Webster is a town in the northeastern corner of Monroe County, New York, United States. The town is named after orator and statesman Daniel Webster. The population was 42,641 at the 2010 census. The town's motto is "Where Life Is Worth Living." The town contains a village also named Webster.

Geography
The town of Webster is bordered on the north by Lake Ontario, on the east by Wayne County, on the west by Irondequoit Bay and the town of Irondequoit, and on the south by the town of Penfield.

According to the United States Census Bureau, the town has a total area of 35.5 square miles (91.9 km2), of which 33.5 square miles (86.8 km2) is land and 2 square miles (5.2 km2) is water.

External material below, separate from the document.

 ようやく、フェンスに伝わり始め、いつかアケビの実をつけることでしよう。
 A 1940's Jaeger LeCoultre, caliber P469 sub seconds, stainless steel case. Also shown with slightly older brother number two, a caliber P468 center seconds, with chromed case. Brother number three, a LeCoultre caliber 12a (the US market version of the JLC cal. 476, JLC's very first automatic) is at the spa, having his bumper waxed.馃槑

Webster Park covers  of the town's land along the Lake Ontario waterfront.

Demographics

As of the 2010 United States Census, there were 42,641 people, 17,973 households, and 10,679 families residing in the town. The population density was 1,271.7 people per square mile (789.4/km2). There were 15,218 housing units at an average density of 447.1 per square mile (172.6/km2). The racial makeup of the town was 91.2% White, 2.3% Black or African American, 0.10% Native American, 3.2% Asian, 0.4%, and 2.6% from two or more races. Hispanic or Latino of any race were 2.6% of the population.

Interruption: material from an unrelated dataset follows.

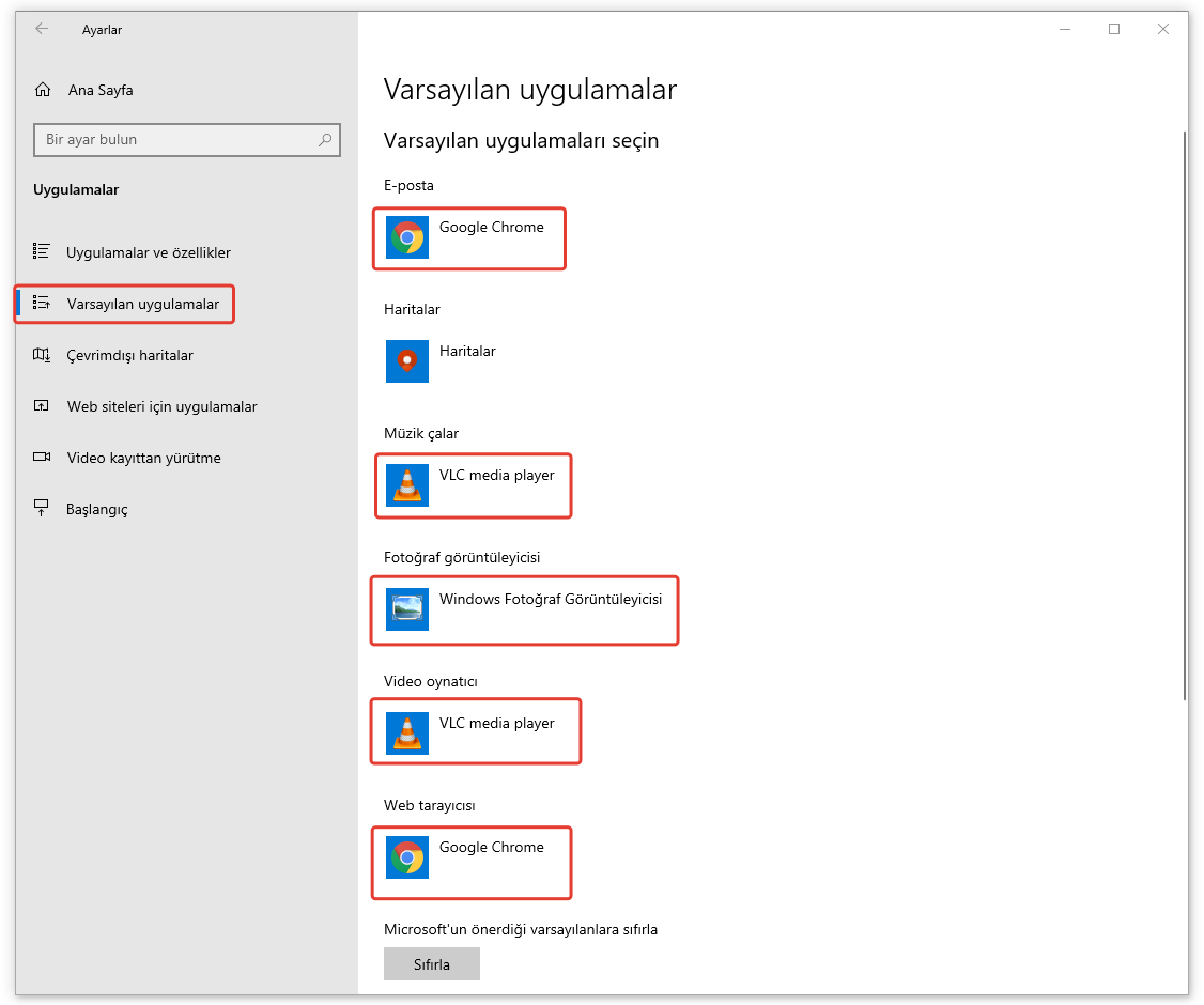 – Gelen pencereden “Varsayılan Uygulamalar” sekmesini tıkladıktan sonra aşağıdaki gibi değişikleri yapıyoruz. Örneğin; E-posta‘nın altındaki Microsoft Edge‘yi tıkladığımızda Google Chrome‘u seçiyoruz ve “Yinede Değiştir” diyoruz. Bu işlemleri tüm yüklediğimiz uygulamalar için yapıyoruz.

Among the 17,973 households, 34.6% had children under the age of 18 living with them, 61.5% were married couples living together, 8.1% had a female householder with no husband present, and 27.6% were non-families. 23.1% of all households were made up of individuals, and 9.0% had someone living alone who was 65 years of age or older. The average household size was 2.56 and the average family size was 3.04.

In the town, the population was spread out, with 21.3% under the age of 18, 5.6% from 18 to 24, 29.9% from 25 to 44, 25.4% from 45 to 64, and 19.2% who were 65 years of age or older. The median age was 39 years. For every 100 females, there were 95.0 males. For every 100 females age 18 and over, there were 91.1 males.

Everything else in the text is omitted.